### The task
From the first line to the last, give the material again exactly, without the images.

### Dataset section
=== Begin Enclosure ===
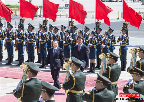 8月31日,國務(wù)院總理李克強(qiáng)在人民大會堂東門外廣場為特魯多舉行歡迎儀式。
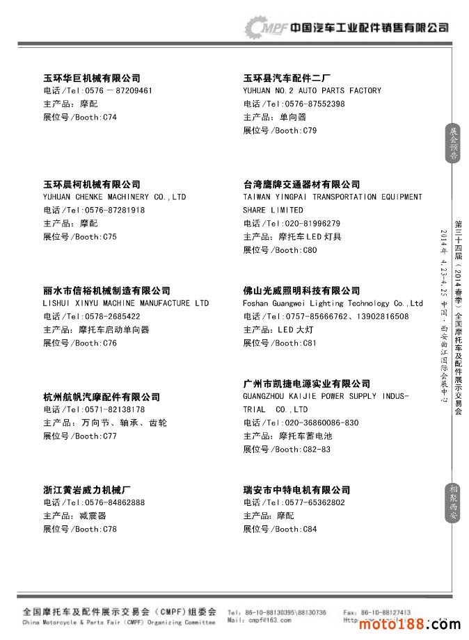 第33屆秋季(南京)全國摩托車及配件展示交易會(huì)參展企業(yè)名錄
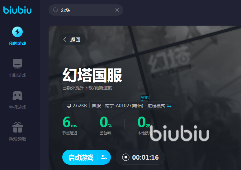 通常情况下游戏延迟非常高不是电脑本地DNS出现故障,就是网速太慢了,只要是这些原因引起的延迟,biubiu都能够解决。它就是专门用来给游戏加速的软件,安全又正规,现在还开启限时免费加速幻塔国服活动,大家赶紧来试一试。
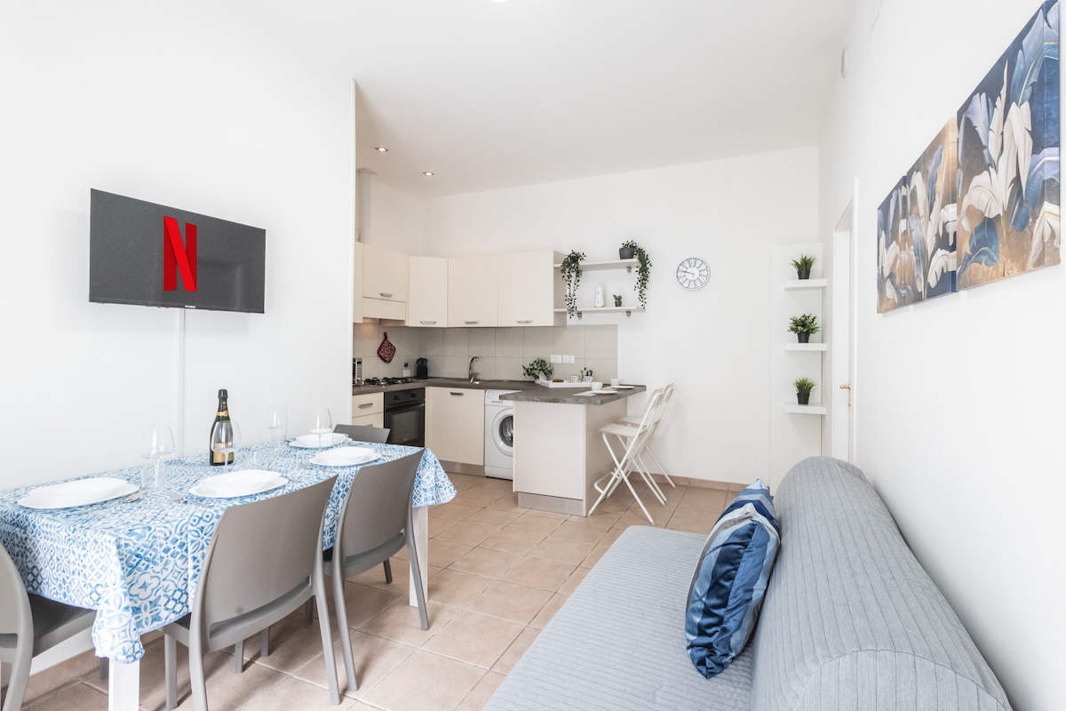 Appartamento finito di ristrutturare giugno 2021, a 150 metri dal mare. Dotato di tutti i comfort e servizi (aria condizionata, riscaldamento, wifi, lavanderia, phon, TV, forno , forno a micro-onde, lavastoviglie, 1 bagno dotato di doccia e 1 di servizio). Piccola corte esterna ad uso esclusivo. Nel raggio di 200 metri sono presenti tutti i servizi utili: supermercati, ristoranti, bar, panifici, fruttivendolo. calzolaio e altro ancora. Posto auto privato a 100 metri.
=== End Enclosure ===
### Solution to this exercise
 8月31日,國務(wù)院總理李克強(qiáng)在人民大會堂東門外廣場為特魯多舉行歡迎儀式。
 第33屆秋季(南京)全國摩托車及配件展示交易會(huì)參展企業(yè)名錄
 通常情况下游戏延迟非常高不是电脑本地DNS出现故障,就是网速太慢了,只要是这些原因引起的延迟,biubiu都能够解决。它就是专门用来给游戏加速的软件,安全又正规,现在还开启限时免费加速幻塔国服活动,大家赶紧来试一试。
 Appartamento finito di ristrutturare giugno 2021, a 150 metri dal mare. Dotato di tutti i comfort e servizi (aria condizionata, riscaldamento, wifi, lavanderia, phon, TV, forno , forno a micro-onde, lavastoviglie, 1 bagno dotato di doccia e 1 di servizio). Piccola corte esterna ad uso esclusivo. Nel raggio di 200 metri sono presenti tutti i servizi utili: supermercati, ristoranti, bar, panifici, fruttivendolo. calzolaio e altro ancora. Posto auto privato a 100 metri.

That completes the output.